Masturbation—self-pleasure practiced in a healthy, non-compulsive, private setting—is a normal activity that actually has tremendous benefits. These include:
- Mental and emotional stress relief
- Physical tension relief
- Sleep enhancement
- Mood enhancement
- Relief from period cramps
- Concentration boost
- Pain relief
"It's not like masturbation itself, or sex itself, is doing something that's damaging to your heart," said Katherine Rotker, M.D., a urologist and an assistant professor at Yale School of Medicine who specializes in male infertility and reproductive health. "There's nothing innate about sex or masturbation that is inherently damaging."
Why do people believe masturbating can cause heart problems?

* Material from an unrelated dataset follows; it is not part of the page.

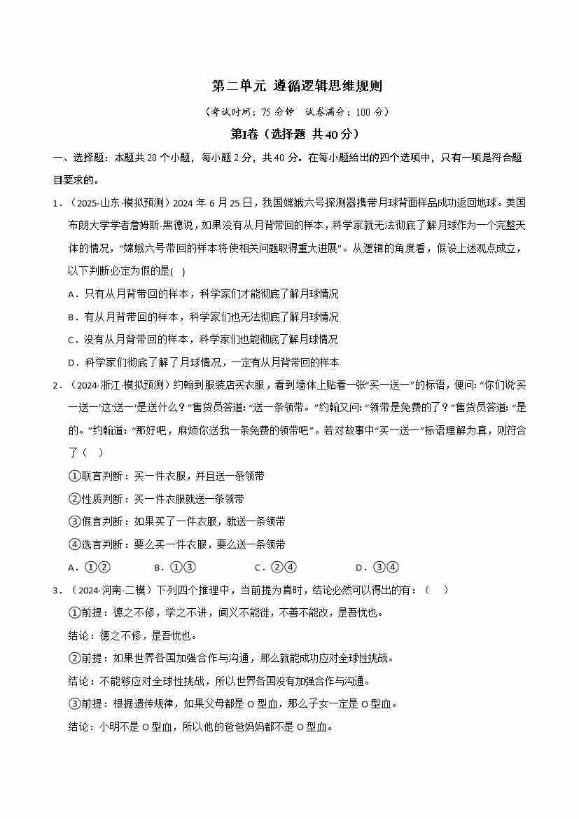 第二单元 遵循逻辑思维规则(单元测试·基础卷)(学生版)

The likely source for such a far-reaching claim isn't difficult to find. From time to time, someone dies while they're in the throes of sexual arousal—whether partnered sex or solo. And sometimes they die of myocardial infarction, aka a heart attack.
There's a crucial distinction here. Yes, some people have died of a heart attack while masturbating or having sex. The act itself didn't cause the heart attack, though. It was the condition their body was already in, existing heart disease or some hidden congenital problem they already had.
"Sexual activity is akin to a brief burst of mild to moderate physical exertion, like walking briskly or ascending a couple of flights of stairs," said Amy Pearlman, M.D., a men's health specialist and co-founder of Prime Institute in Fort Lauderdale, Florida. "During the build-up to sexual activity and throughout the pleasurable journey of arousal, blood pressure and heart rate experience an uptick, peaking at the moment of orgasm. These metrics then swiftly return to their usual levels."
Putting more pressure on yourself can worsen physical stressors. For example, being anxious about getting caught masturbating, maintaining an erection or reaching orgasm can exacerbate these stressors.
"For some individuals, factors such as medical conditions, emotional aspects or older age can lead to challenges in achieving orgasm, potentially placing an additional workload on the cardiovascular system," she added.
The issue, then—the next time you read about someone who died of a heart attack while giving himself a hand or having sex—is likely to be that they weren't physically fit enough or had a preexisting underlying heart condition.
"Sexual activity is just like any other physical activity, and you have to have a certain degree of physical fitness to participate in any kind of strenuous physical activity," Rotker said. "So with patients, I compare it to the fact that heart attacks go up on the first snow of the year because men who have been very sedentary will go out and do a very vigorous activity in shoveling snow. And so we see an increase in cardiac events there."
Heart trouble during masturbation is rare
People in poor physical condition should talk with their doctor about whether sexual activity is safe. However, regardless of your fitness level, your risk of having a heart attack during a masturbation session is exceedingly rare.
Looking at the numbers, in the two-hour period after sex, your risk of a myocardial infarction goes up 2.5-fold over the baseline, according to a 2004 article in the American Journal of Cardiology.
Sounds scary, right?
Well, the journal was quick to point out the real risk. Because the baseline is so low, the increased risk translates to a 0.01 percent rise over the course of a year for low-risk people who have weekly sex. The rate rises to 0.1 percent for higher-risk individuals.
Finally, the article asserts that of all myocardial infarctions, those attributable to sexual activity make up less than 1 percent of the whole.
If you have health issues, don't be afraid to talk with your doctor about sexual activity. It just makes sense. For the most part, though, if you can climb two flights of stairs without getting short of breath or feeling chest pain, you're probably going to be OK.
"It's not a common thing, but still," Rotker said. "That's the reason why you'll hear about it in the Viagra commercials or that we, as doctors, will recommend making sure your heart is healthy enough for sex before proceeding. Not because there's something inherently dangerous about sex or masturbation, but because sex is a strenuous physical activity."